Filesystems are already spaghetti. That’s what fragmentation means and different filesystems have different approaches to keeping track of which file a fragment belongs to and their ordering.
You just don’t see that because the OS does such a good job of providing an abstraction layer between you and the on-disk format.
Honestly, the most promising use I can think of for what you’re envisioning is what WinFS and GNOME Storage were trying for… A filesystem that, rather than being hierarchical, is an SQL database.
Both attempts failed for lack of performance but, if they can bring non-volatile storage up to the same performance level as RAM, that problem might go away.

2013-04-15 11:36 am
Laurence
You’re missing his point there.

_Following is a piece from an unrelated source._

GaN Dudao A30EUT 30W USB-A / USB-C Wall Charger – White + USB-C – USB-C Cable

I think he’s talking about the future of storage working a bit like this:
Say you have a character array of the alphabet, you can just request the 5th element in that array and the value returned would be “e”. Say if that array was actually a file in RAM, then we’d only ever need to pass pointers rather than having to duplicate the the file (ie persistent version in storage and and a volatile version in RAM).

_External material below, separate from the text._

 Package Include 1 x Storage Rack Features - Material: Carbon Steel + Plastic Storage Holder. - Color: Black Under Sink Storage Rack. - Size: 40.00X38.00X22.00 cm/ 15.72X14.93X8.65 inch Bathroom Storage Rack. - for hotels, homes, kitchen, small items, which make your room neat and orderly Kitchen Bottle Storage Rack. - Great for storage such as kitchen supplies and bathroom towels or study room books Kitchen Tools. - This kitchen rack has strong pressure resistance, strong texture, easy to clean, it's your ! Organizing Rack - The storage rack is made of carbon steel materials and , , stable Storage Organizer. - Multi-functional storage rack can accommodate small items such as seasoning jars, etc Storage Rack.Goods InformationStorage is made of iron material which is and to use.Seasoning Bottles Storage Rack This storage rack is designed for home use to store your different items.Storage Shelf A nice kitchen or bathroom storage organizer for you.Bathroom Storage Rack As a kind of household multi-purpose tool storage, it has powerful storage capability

There’s a few issues with that mindset though:
1/ You’d need to know all the memory addresses of each bit of data you’re wanting to retrieve before hand. That would require an epic centralised database that would fragment in no time at all. This isn’t a show stopper though, there will be ways around it, but it’s certainly a major issue that would need to be resolved. (it’s probably worth noting that we can already jump to specific blocks of data within a file without having to preload the file beforehand. But it’s beyond impractical to do so, which is why we use the much simpler approach we have currently)

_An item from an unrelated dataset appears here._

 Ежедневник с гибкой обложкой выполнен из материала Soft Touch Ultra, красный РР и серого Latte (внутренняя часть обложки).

2/ The contents of files are not static. Take XML parsing, the tags will land in different locations within the file depending on the data held (bad example, but the 5th line of a dictionary will differ depending on the language of the dictionary). So most forms of structured data will still need to be stepped through before they can be parsed – which defeats the point of “spaghettifying” pointers.
What wouldn’t be an issue is “in memory” changes no affecting the saved versions (eg opening a Word document, making edits and the version I’m editing not automatically editing the version I have saved unless I explicitly click “save”) as we already have technology developed that works around that limitation (CoW file systems).
While TempleOS’s vision is interesting, I think it adds waaay too much complexity for comparatively little gain. Particularly when most instances of structured data will still need to be stepped through.
2013-04-15 7:35 pm
Flatland_Spider
Honestly, the most promising use I can think of for what you’re envisioning is what WinFS and GNOME Storage were trying for… A filesystem that, rather than being hierarchical, is an SQL database.
Both attempts failed for lack of performance but, if they can bring non-volatile storage up to the same performance level as RAM, that problem might go away.
BeFS did the filesystem as a database thing well before those two, and it worked really well.

2013-04-16 12:30 am
TempleOS
If we never replace RAM with NVRAM… there are machines that never reboot. You could design a crazy system that would be demolished if it ever lost power. You could treat RAM like NVRAM in an insane sort of way.
Then, imagine your file system directories done with KMAlloc() or whatever, and get rid of the concept of blocks, just bytes. A file is just some memory from KMAlloc().
“KMAlloc” is kernel malloc in Linux right? I have a different name in my OS.